▸ What you have to do
The answer must be only the lines below from the one holding "Ở đầu đường" down to the one holding "Orion is a slim", ends included, printed exactly; please omit all pictures.

▸ Available records
----------

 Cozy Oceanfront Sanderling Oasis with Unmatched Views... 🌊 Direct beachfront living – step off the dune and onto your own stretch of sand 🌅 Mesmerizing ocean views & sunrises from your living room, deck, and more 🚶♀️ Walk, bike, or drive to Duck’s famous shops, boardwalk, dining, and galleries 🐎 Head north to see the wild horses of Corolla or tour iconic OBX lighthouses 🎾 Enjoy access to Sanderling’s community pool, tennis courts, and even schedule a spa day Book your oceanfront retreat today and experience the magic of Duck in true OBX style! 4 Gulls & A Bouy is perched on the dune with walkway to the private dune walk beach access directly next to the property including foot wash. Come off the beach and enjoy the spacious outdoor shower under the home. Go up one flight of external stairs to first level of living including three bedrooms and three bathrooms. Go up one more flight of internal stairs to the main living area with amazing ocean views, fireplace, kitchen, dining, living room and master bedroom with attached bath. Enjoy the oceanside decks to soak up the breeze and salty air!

----------

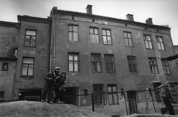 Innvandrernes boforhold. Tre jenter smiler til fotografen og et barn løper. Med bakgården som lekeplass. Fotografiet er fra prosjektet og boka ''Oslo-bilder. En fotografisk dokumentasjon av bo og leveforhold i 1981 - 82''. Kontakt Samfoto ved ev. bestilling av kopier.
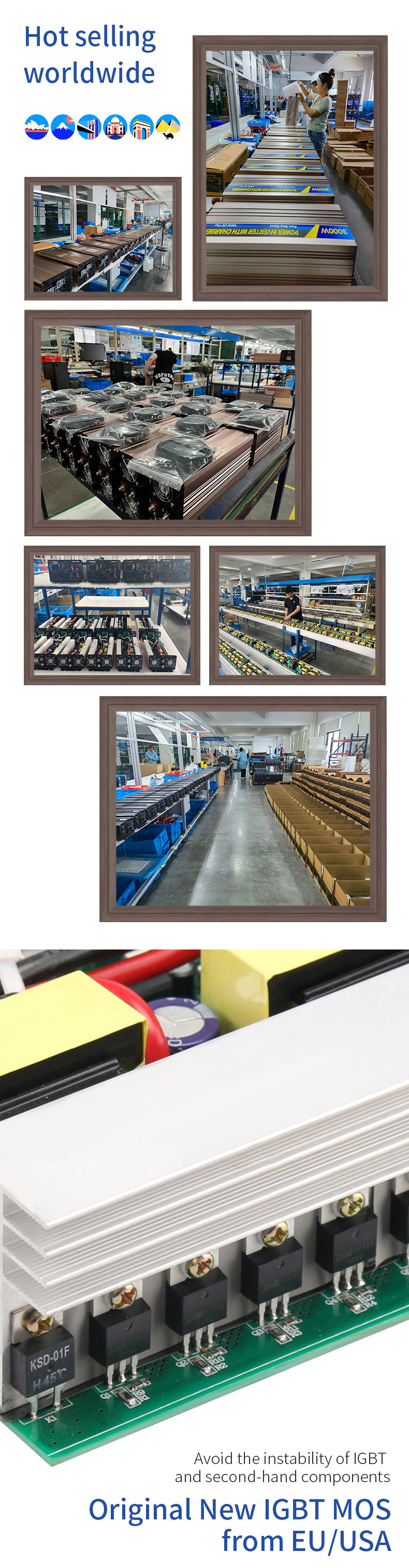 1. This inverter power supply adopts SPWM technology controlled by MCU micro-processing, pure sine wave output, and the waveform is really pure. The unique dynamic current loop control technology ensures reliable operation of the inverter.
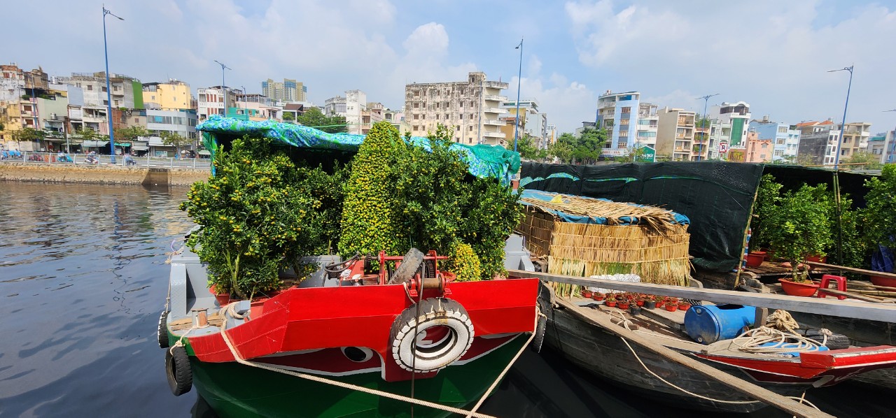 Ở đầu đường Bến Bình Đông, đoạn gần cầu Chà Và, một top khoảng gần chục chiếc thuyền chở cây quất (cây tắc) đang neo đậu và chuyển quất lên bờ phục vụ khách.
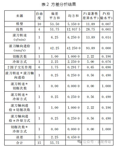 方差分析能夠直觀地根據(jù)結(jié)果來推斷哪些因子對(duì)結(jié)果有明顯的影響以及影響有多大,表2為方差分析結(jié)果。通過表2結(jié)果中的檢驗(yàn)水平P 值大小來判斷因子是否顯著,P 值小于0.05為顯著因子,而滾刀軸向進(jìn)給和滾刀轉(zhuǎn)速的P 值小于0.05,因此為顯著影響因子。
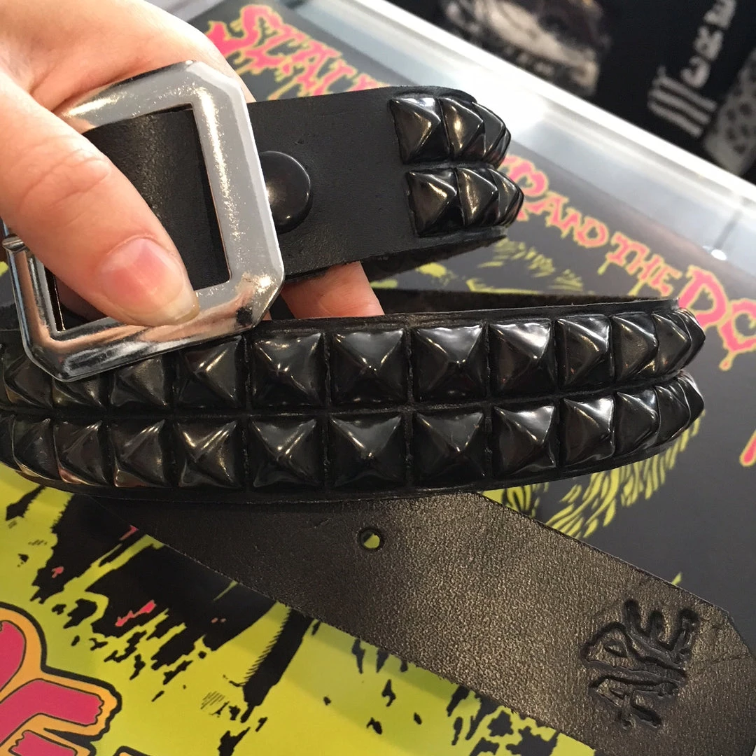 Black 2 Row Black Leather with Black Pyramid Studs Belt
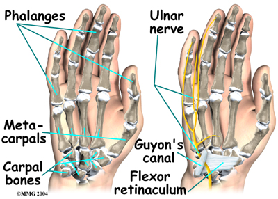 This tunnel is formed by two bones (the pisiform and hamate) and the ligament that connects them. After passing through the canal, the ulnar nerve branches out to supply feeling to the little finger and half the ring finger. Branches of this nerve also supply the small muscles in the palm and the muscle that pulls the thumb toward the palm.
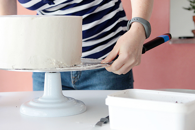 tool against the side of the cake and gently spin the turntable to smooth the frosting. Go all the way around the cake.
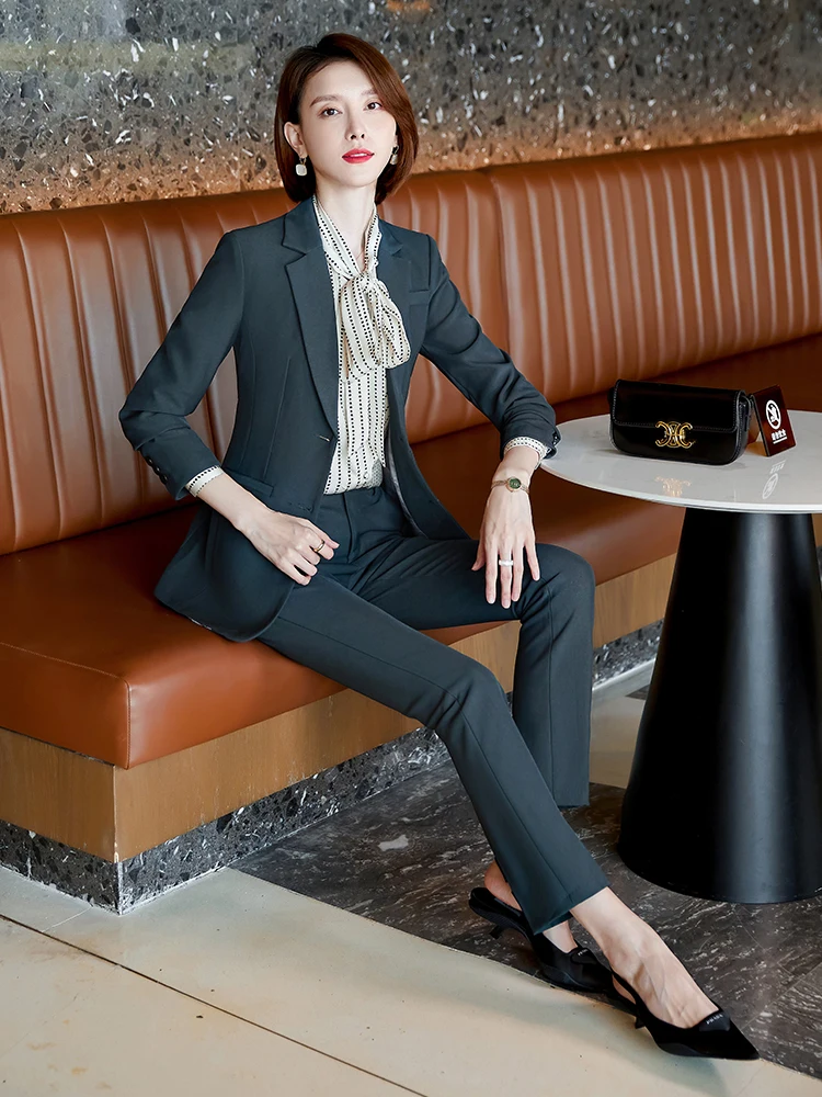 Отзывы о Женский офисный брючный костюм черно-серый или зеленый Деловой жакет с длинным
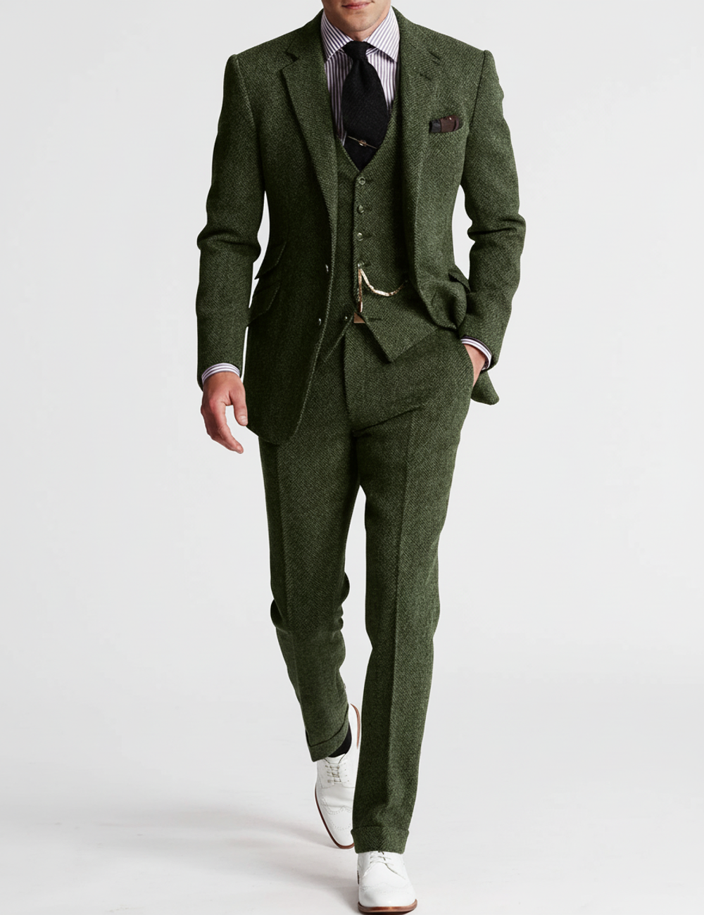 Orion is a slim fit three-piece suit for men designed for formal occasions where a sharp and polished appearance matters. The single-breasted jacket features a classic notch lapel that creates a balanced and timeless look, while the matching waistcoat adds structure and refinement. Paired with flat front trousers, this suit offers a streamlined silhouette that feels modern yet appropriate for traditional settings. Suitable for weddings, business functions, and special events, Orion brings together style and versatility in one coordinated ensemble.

----------

▸ Task result
 Ở đầu đường Bến Bình Đông, đoạn gần cầu Chà Và, một top khoảng gần chục chiếc thuyền chở cây quất (cây tắc) đang neo đậu và chuyển quất lên bờ phục vụ khách.
 方差分析能夠直觀地根據(jù)結(jié)果來推斷哪些因子對(duì)結(jié)果有明顯的影響以及影響有多大,表2為方差分析結(jié)果。通過表2結(jié)果中的檢驗(yàn)水平P 值大小來判斷因子是否顯著,P 值小于0.05為顯著因子,而滾刀軸向進(jìn)給和滾刀轉(zhuǎn)速的P 值小于0.05,因此為顯著影響因子。
 Black 2 Row Black Leather with Black Pyramid Studs Belt
 This tunnel is formed by two bones (the pisiform and hamate) and the ligament that connects them. After passing through the canal, the ulnar nerve branches out to supply feeling to the little finger and half the ring finger. Branches of this nerve also supply the small muscles in the palm and the muscle that pulls the thumb toward the palm.
 tool against the side of the cake and gently spin the turntable to smooth the frosting. Go all the way around the cake.
 Отзывы о Женский офисный брючный костюм черно-серый или зеленый Деловой жакет с длинным
 Orion is a slim fit three-piece suit for men designed for formal occasions where a sharp and polished appearance matters. The single-breasted jacket features a classic notch lapel that creates a balanced and timeless look, while the matching waistcoat adds structure and refinement. Paired with flat front trousers, this suit offers a streamlined silhouette that feels modern yet appropriate for traditional settings. Suitable for weddings, business functions, and special events, Orion brings together style and versatility in one coordinated ensemble.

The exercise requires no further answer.